Consumables #22

Reel Paradise

I was not a big fan of this. It’s been sitting on my Netflix queue forever and I just kept putting off watching it because I knew it would piss me off. I shall spare you my thoughts on cultural imperialism and just say (and you may quote me on this): BARF.

The Bachelorette
Just when I thought I was out, THEY PULLED ME BACK IN. I haven’t watched all season, but I did watch the last two episodes and I can’t even believe how mind-numbingly boring these people are. Why do I want to watch boring people vying for each other’s boring affection? I’ll tell you why. It’s because they go on “overnight dates” and use funny euphemisms for making the sex. “I am just really looking forward to having alone time with Ali. So that we can really relax. And just get to know each other more deeply.” “I really want Chris to put himself out there tonight. I just really need to see who he is.” What is it with the “putting himself out there,” people? So many times with the “putting himself out there”! Apparently, it is the main thing one looks for in a mate. Perhaps we should be incorporating this into our vows to each other. “Do you promise to always love, honor, and put yourself out there?”

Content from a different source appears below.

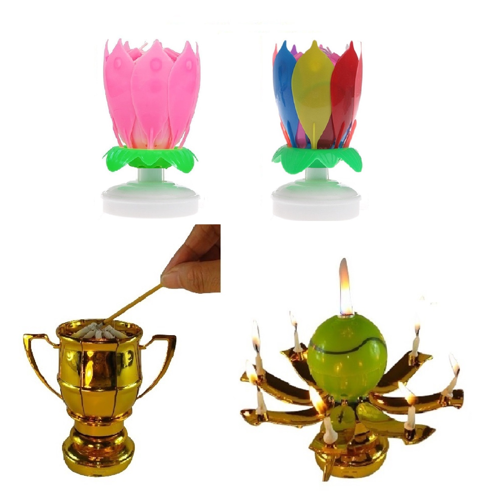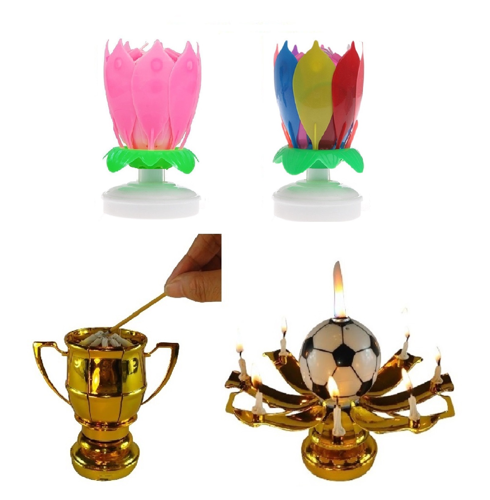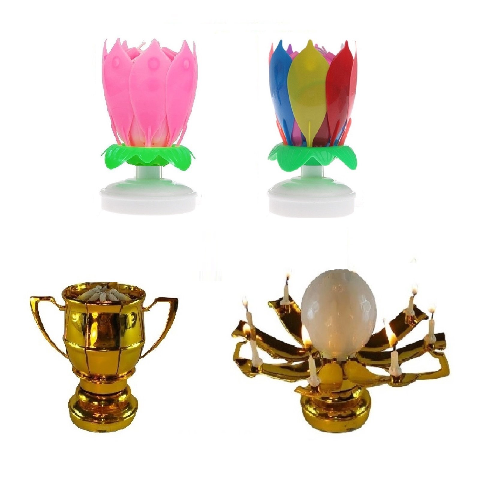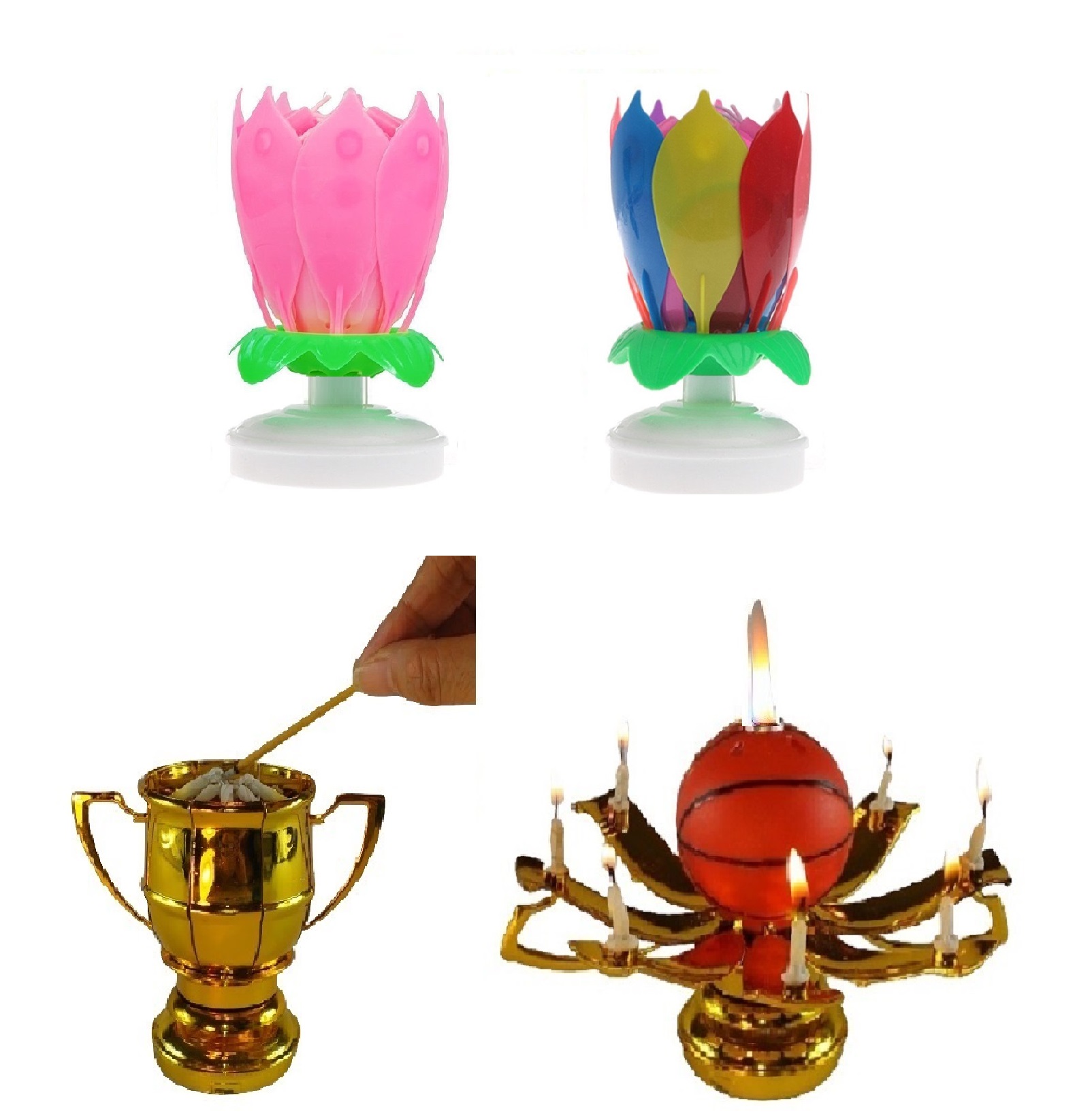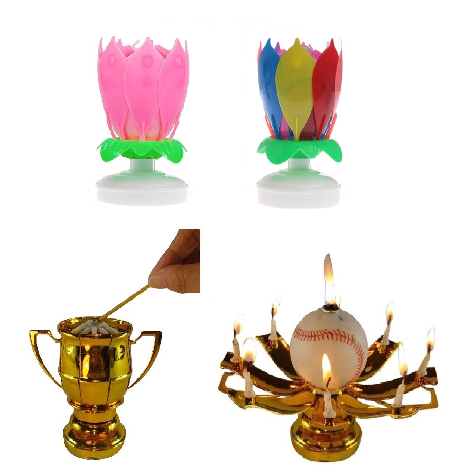 This listing is for 3 total Exciting Candles; the Rainbow and Pink Lotus Flower Birthday Exciting Candle ® and One Sport Ball Trophy Exciting Candle®. Both different styles rotate slowly in a circular motion and have mini candles attached to the petals, and play the Happy Birthday melody.

Zookeeper’s Wife by Diane Ackerman
I am not usually impressed by celebrity. Large or small. Hot movie star, or brainiest professor on campus? Whatever. If you are the person that everyone talks about and oohs and ahhs over, this will most likely cause me to be skeptical of you. When I was in the THEE-AH-TAH!, the big stars that came in that everyone went googoo for? They were straight up assholes. Like, 99% of the time. So although I don’t think celebrity/popularity makes you an ass, I do think the liklihood is higher. So in the library world, the biggest celebrity is a little lady by the name of Nancy Pearl. If you have ever seen the Librarian Action Figure, it is based on her. Also, you may hear her on NPR’s Morning Edition or other egghead places like that, reviewing books and talking about other librarianish things. To the non-librarian, she is pretty unknown. To the librarian, she is more beloved than Shel fucking Silverstein. When she shows up to conferences and stuff, people go all atwitter. Therefore, my natural inclination toward her should be one of gaggy eye-rolling. However, in this case, I must make an exception to my skepticism. Because Nancy is the nicest lady you will ever meet in your life. Really, she is. Anyway, I got to have a long meeting with her and other colleagues this week and it was nothing but delightful. And we talked about many books, The Zookeeper’s Wife being among them. So I read it this week. Which is a really roundabout way for me to talk about nice Nancy Pearl, the semi-celebrity who is unequivocally not a fuckface.

This Is It
I can’t think about this title without going to the bad Kenny Loggins place. “THIS IS IT! Make no mistake where you ahhhh….”  So this documentary is just a bunch of clips of Michael Jackson rehearsing, and he is clearly only performing at about 25% effort, because it’s just rehearsing. And yet, me, um, riveted. Must have been the dormant 6th grader in me who would pay money to watch Michael Jackson mow his lawn. Wait, I guess Michael Jackson wouldn’t have mowed his lawn though. Well, I would have watched him make Bubbles mow it then, or something. Oh whatever.

Big Eden
Ok, so the ending was a little cheesy, but still. I thought it was sweet.


  1. I met Nancy at ALA this year. You are right she is mega nice. When I told her I was doing a YA Books That Appeal to Adults booklist, and said 'I guess that means I finally have to read Twilight' she grabbed me by the shoulder and said "YOU DO NOT have to read Twilight!" If Nancy Pearl says I don't have to read it, I guess I really don't have to read it!